_EXERCISE GOAL:_
Restate the following entries exactly. Keep the pictures out.

_SUPPLIED ENTRIES:_
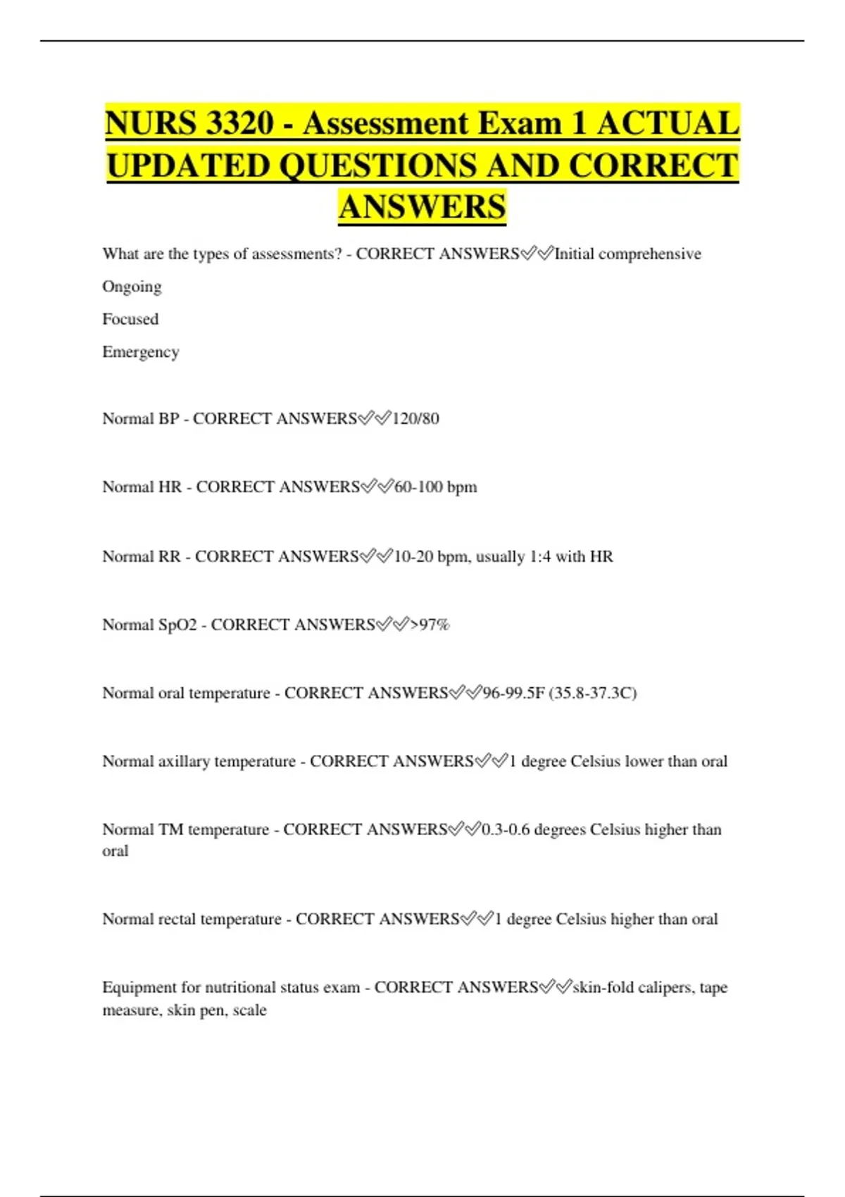 NURS 3320 - Assessment Exam 1 ACTUAL UPDATED QUESTIONS AND CORRECT ANSWERS What are the types of assessments? - CORRECT ANSWERSInitial comprehensive Ongoing Focused Emergency Normal BP - CORRECT ANSWERS120/80 Normal HR - CORRECT ANSWERS60-100 bpm Normal RR - CORRECT ANSWERS10-20 bpm, usually 1:4 with HR Normal SpO2 - CORRECT ANSWERS>97% Normal oral temperature - CORRECT ANSWERS96-99.5F (35.8-37.3C) Normal axillary temperature - CORRECT ANSWERS1 degree Celsius lower than oral Normal TM temperature - CORRECT ANSWERS0.3-0.6 degrees Celsius higher than oral Normal rectal temperature - CORRECT ANSWERS1 degree Celsius higher than oral Equipment for nutritional status exam - CORRECT ANSWERSskin-fold calipers, tape measure, skin pen, scale Equipment for VS - CORRECT ANSWERSsphygmomanometer, thermometer, watch, pain scale Equipment for skin, hair and nail exam - CORRECT ANSWERSlight, mirror, metric ruler, magnifying glass, woods lamp, Braden scale, PUSH scale Equipment for head and neck exam - CORRECT ANSWERSstethoscope and water Equipment for eye exam - CORRECT ANSWERSpen light, snellen E chart, newspaper, opaque card, ophthalmoscope Equipment for ear exam - CORRECT ANSWERStuning fork and otoscope Equipment for mouth, throat and nose exam - CORRECT ANSWERSpenlight, 4x4 gauze, tongue depressor, otoscope Equipment for thoracic exam - CORRECT ANSWERSstethoscope, metric ruler, skin pen Equipment for cardiac and neck vessel exam - CORRECT ANSWERSsteth
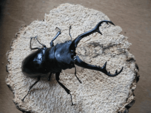フローレス産と同じ亜種のギラファですが大型を出すのは難しいです。今までに羽化してきたのは90から100ミリです。菌床飼育でもしておりますが、我が家では合わないのか90ミリ台の小型で羽化してきます。まだ幼虫が何頭かいるのでそれらに101ミリアップを期待します。
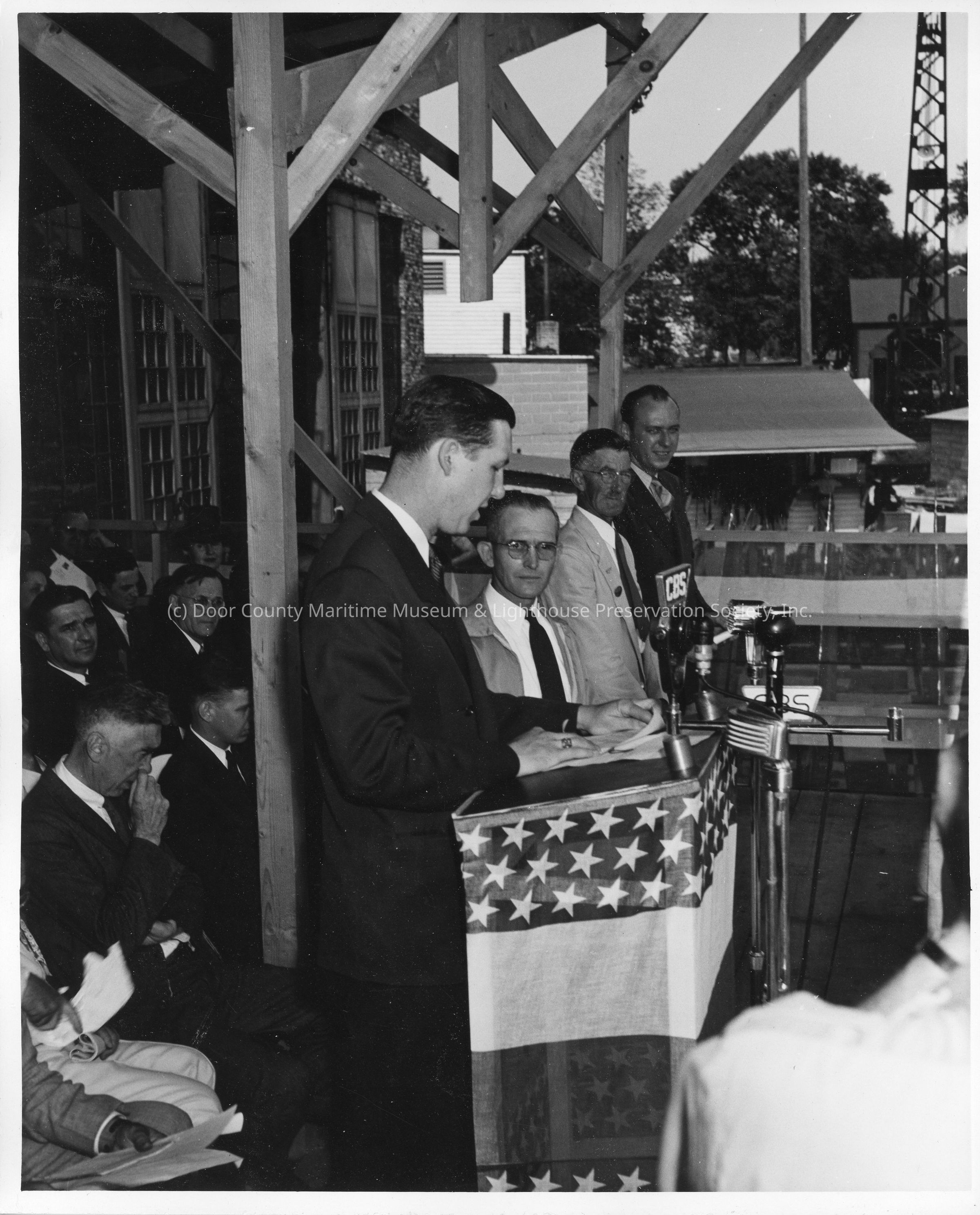 Man standing behind podium on stage
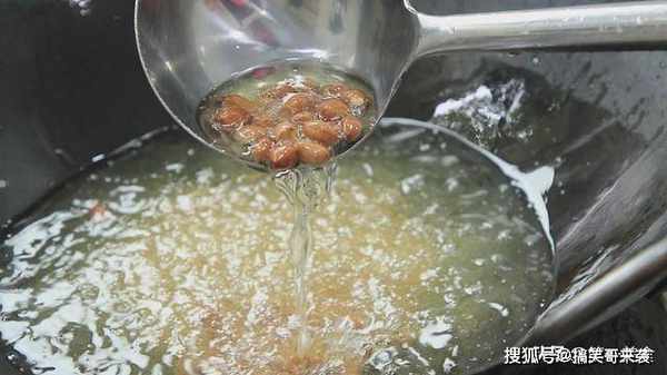 炸花生米时要注意,不要等到花生米变色 ,花生一旦变色捞出来就已经炸老了,凉油放入花生米,听到十多声噼啪声,花生米马上捞出来就可以了。
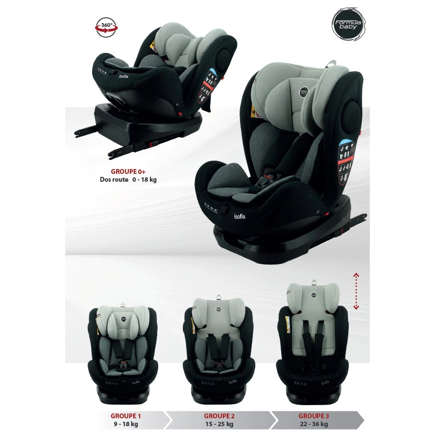 Le siège auto ROBI SP pivotant 360°, s’utilise en dos route jusqu’à 18kg à l’arrière du véhicule ou à l’avant avec l’airbag désactivé. Ce siège auto a testé et certifié selon la norme ECE R44/04, gage de sécurité.
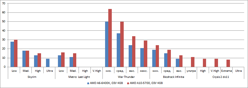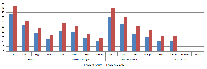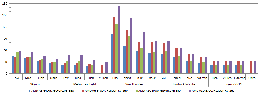 Как видим при снижении разрешения большинство игр достигает порога играбельности. Результаты авиасимулятора War Thunder для разрешения 720p не приводятся, т.к. они достаточно высокие и в разрешении Full HD. Сложный графический движок (CryEngine 3) игры Crysis 2 требует обязательного использования производительной дискретной видеокарты для нормальной работы.

_SOLUTION FOR THIS TASK:_
 NURS 3320 - Assessment Exam 1 ACTUAL UPDATED QUESTIONS AND CORRECT ANSWERS What are the types of assessments? - CORRECT ANSWERSInitial comprehensive Ongoing Focused Emergency Normal BP - CORRECT ANSWERS120/80 Normal HR - CORRECT ANSWERS60-100 bpm Normal RR - CORRECT ANSWERS10-20 bpm, usually 1:4 with HR Normal SpO2 - CORRECT ANSWERS>97% Normal oral temperature - CORRECT ANSWERS96-99.5F (35.8-37.3C) Normal axillary temperature - CORRECT ANSWERS1 degree Celsius lower than oral Normal TM temperature - CORRECT ANSWERS0.3-0.6 degrees Celsius higher than oral Normal rectal temperature - CORRECT ANSWERS1 degree Celsius higher than oral Equipment for nutritional status exam - CORRECT ANSWERSskin-fold calipers, tape measure, skin pen, scale Equipment for VS - CORRECT ANSWERSsphygmomanometer, thermometer, watch, pain scale Equipment for skin, hair and nail exam - CORRECT ANSWERSlight, mirror, metric ruler, magnifying glass, woods lamp, Braden scale, PUSH scale Equipment for head and neck exam - CORRECT ANSWERSstethoscope and water Equipment for eye exam - CORRECT ANSWERSpen light, snellen E chart, newspaper, opaque card, ophthalmoscope Equipment for ear exam - CORRECT ANSWERStuning fork and otoscope Equipment for mouth, throat and nose exam - CORRECT ANSWERSpenlight, 4x4 gauze, tongue depressor, otoscope Equipment for thoracic exam - CORRECT ANSWERSstethoscope, metric ruler, skin pen Equipment for cardiac and neck vessel exam - CORRECT ANSWERSsteth
フローレス産と同じ亜種のギラファですが大型を出すのは難しいです。今までに羽化してきたのは90から100ミリです。菌床飼育でもしておりますが、我が家では合わないのか90ミリ台の小型で羽化してきます。まだ幼虫が何頭かいるのでそれらに101ミリアップを期待します。
 Man standing behind podium on stage
 炸花生米时要注意,不要等到花生米变色 ,花生一旦变色捞出来就已经炸老了,凉油放入花生米,听到十多声噼啪声,花生米马上捞出来就可以了。
 Le siège auto ROBI SP pivotant 360°, s’utilise en dos route jusqu’à 18kg à l’arrière du véhicule ou à l’avant avec l’airbag désactivé. Ce siège auto a testé et certifié selon la norme ECE R44/04, gage de sécurité.
 Как видим при снижении разрешения большинство игр достигает порога играбельности. Результаты авиасимулятора War Thunder для разрешения 720p не приводятся, т.к. они достаточно высокие и в разрешении Full HD. Сложный графический движок (CryEngine 3) игры Crysis 2 требует обязательного использования производительной дискретной видеокарты для нормальной работы.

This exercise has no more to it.